Work request:
Any picture in the material should be left out, while all other lines are copied exactly.

Data section:
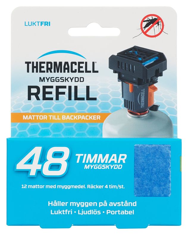 Refillprodukt för Thermacell Backpacker. Paketet innehåller 12st myggmedelsmattor för skydd i upp till 48 timmar. Innehåller ej några gaspatroner då Backpacker drivs av friluftsgasbehållare.
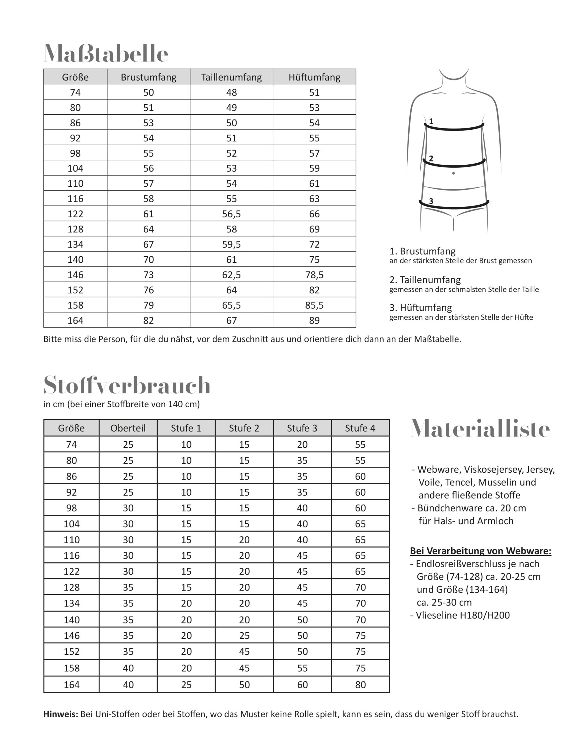 Fiona ist ein leichtes Sommerkleid, das luftig deine Beine umspielt. Du entscheidest selbst, ob du dein neues Lieblingskleid bodenlang nähen möchtest oder ob es über dem Knie enden soll. Als Material eignen sich sowohl elastische als auch unelastische Stoffe.
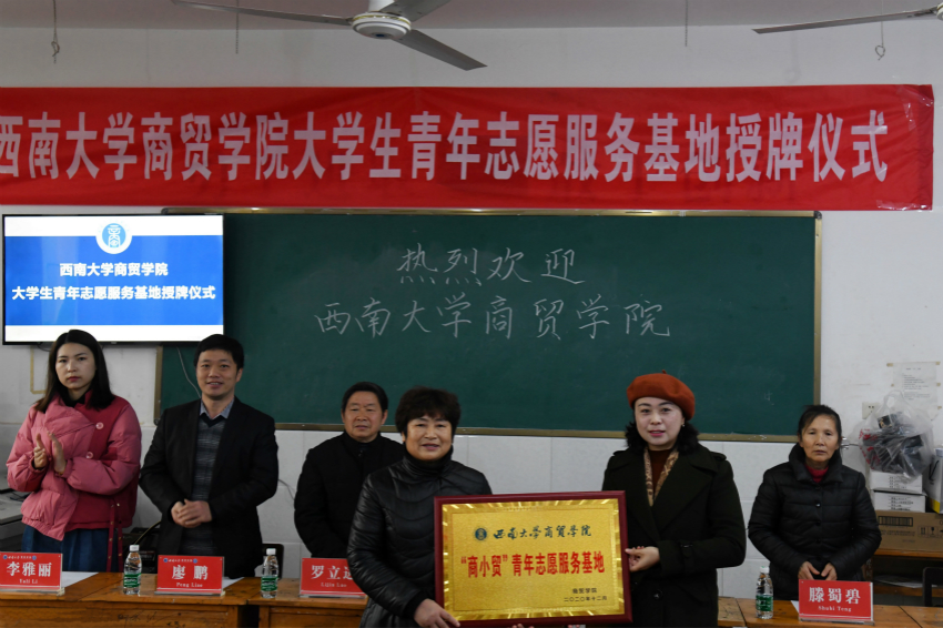 为倡导公益文化,弘扬志愿者精神,k1体育与荣昌区观胜镇英才小学达成协议,共建老员工青年志愿者服务基地。12月11日,k1体育师生来到英才小学,隆重举行了“商小贸”青年志愿服务基地授牌仪式。

Answer below:
 Refillprodukt för Thermacell Backpacker. Paketet innehåller 12st myggmedelsmattor för skydd i upp till 48 timmar. Innehåller ej några gaspatroner då Backpacker drivs av friluftsgasbehållare.
 Fiona ist ein leichtes Sommerkleid, das luftig deine Beine umspielt. Du entscheidest selbst, ob du dein neues Lieblingskleid bodenlang nähen möchtest oder ob es über dem Knie enden soll. Als Material eignen sich sowohl elastische als auch unelastische Stoffe.
 为倡导公益文化,弘扬志愿者精神,k1体育与荣昌区观胜镇英才小学达成协议,共建老员工青年志愿者服务基地。12月11日,k1体育师生来到英才小学,隆重举行了“商小贸”青年志愿服务基地授牌仪式。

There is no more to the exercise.